5 : Le sacrifice et l’âme déployée.

‘Mais ce voyage n’était que la parodie d’une vocation secrète, et il devait me mener sous le mur de Berlin à seule fin que j’y subisse les mutilations rituelles nécessaires à l’accession à une autre ubiquité. Et la disparition inexplicable de Jean n’était que l’autre face de ce sacrifice (M, 618).’

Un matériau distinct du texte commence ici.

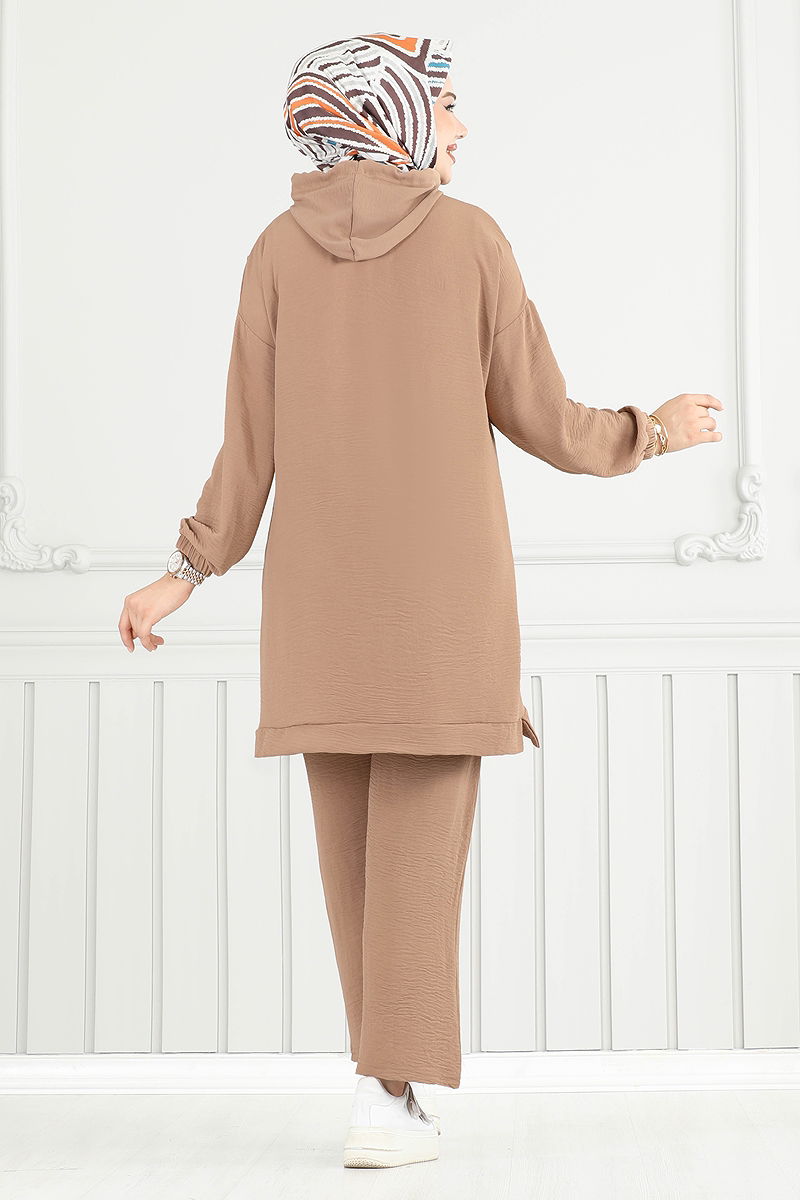 يتم ارتداء المنتج على الرأس. المنتج لديه ياقة مع قبعة. البلوز تحتوي على فتحة. غير مبطنة. تم خياطة القبعة مع المنتج تم خياطة الشعار اكسسوار معدني لا يتغير للأغمق خصر البنطال مرن. السوار مطاطي. قد يكون هناك اختلاف في الدرجة اللونية في المنتج بسبب التقاط الصور الفوتوغرافية.

Le voyage de Paul, qui a dans chaque étape produit des signes qui suggèrent les retrouvailles symboliques avec son frère, se termine logiquement à Berlin, ville qui porte l’image d’une unité rompue. Par ce caractère, Berlin fait revivre à Paul sa condition de jumeau déparié. Plus encore, il reçoit dans son corps le «coup de hache» qui a frappé la ville : en traversant un tunnel, il est foudroyé sur son côté gauche par l’effondrement de la voûte. Tout se passe comme si la séparation des jumeaux dans l’espace, qu’on pourrait qualifier d’horizontale, ne suffisait pas pour que Jean-Paul renaisse dans un corps : il faut y ajouter une séparation verticale qui enfonce le corps du jumeau déparié vers le bas (la traversée du tunnel) pour qu’il puisse ensuite atteindre le haut (le corps-météores, la sublimation). André Clavel indique au sujet de cette dimension verticale qui permet à Paul d’atteindre dans son corps la réunification de Jean-Paul :

‘L’opération est plutôt chimique, puisqu’elle conduira à l’effacement du corps, à son osmose : mimétisme du corps devenu fange, mimétisme du corps devenu air. Rose des vents : l’horizontale, c’est la destruction de l’oeuf gémellaire et la séparation des frères-pareils ; la verticale, c’est, vers le bas, l’appel de la terre ; vers le haut, l’aspiration ouranienne. « Ce sont des Dioscures, êtres tombés du ciel comme des météores, issus d’une génération verticale, abrupte »154.’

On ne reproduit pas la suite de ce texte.